Es tan brillante. Reluce. Es maravilloso, con sus manos que agarran cosas y su lengua que dice cosas. Es maravillosa la forma en que se levanta y cómo mastica su comida durante tanto tiempo, convirtiéndola en una pasta antes de tragarla. Los echaré de menos a él y a la pequeña Zoë, y sé que ellos me extrañarán. Pero no puedo permitir que el sentimentalismo empañe mi gran plan. Cuando se cumpla, Denny será libre para vivir su vida y yo regresaré a la tierra bajo una nueva forma, como hombre, y lo encontraré y le estrecharé la mano y le haré saber cuánto talento tiene, y después le guiñaré un ojo y le diré: «Enzo te manda saludos», y me volveré y me alejaré deprisa y él preguntará: «¿Te conozco?, ¿nos hemos visto antes?».
Después del baño, limpia el suelo de la cocina mientras lo miro; me da mi comida, que una vez más devoro con demasiada prisa, y me deposita frente al televisor mientras prepara la cena.
—¿Vemos un vídeo? —pregunta.
«Sí, un vídeo», respondo, pero, claro, no me oye.
Pone un vídeo de una de sus carreras, enciende el televisor y miramos. Es uno de mis favoritos. Cuando los coches se ponen en sus puestos de salida, la pista está seca. Pero, en el momento mismo en que la bandera verde baja para indicar el comienzo de la carrera, cae una cortina de lluvia, un diluvio que lo cubre todo, y los coches que están a su alrededor pierden el control y hacen trompos, yendo a parar a los campos, mientras él los sobrepasa a todos como si no lloviera, como si fuera un mago que quitara el agua de su camino con un hechizo. Como en el Gran Premio de Europa de 1993, cuando Senna, en la salida misma, pasó a cuatro de los mejores pilotos, al volante de cuatro de los mejores coches: Schumacher, Wendlinger, Hill, Prost. Como si fuese un mago.

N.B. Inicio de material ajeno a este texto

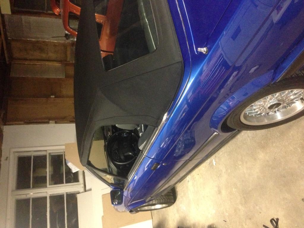 In the pics above, the blue car has a power top. For this car, I used the same exact top I always use - same top quality factory german cloth, and the top continued to work perfectly after installation.

Denny es tan bueno como Ayrton Senna. Pero nadie se da cuenta porque tiene responsabilidades. Tiene a su hija, Zoë, y tenía a su esposa, Eve, que estuvo enferma hasta que murió; y me tiene a mí. Y vive en Seattle, aunque debería vivir en algún otro lugar. Y tiene un trabajo. Pero a veces, cuando se marcha, regresa con un trofeo y me lo muestra y me lo cuenta todo sobre sus carreras y sobre cómo brilló en la pista y dio una lección a todos los demás pilotos, en Sonoma, o en Texas, o en Ohio. Les enseñó en qué consiste conducir con tiempo lluvioso.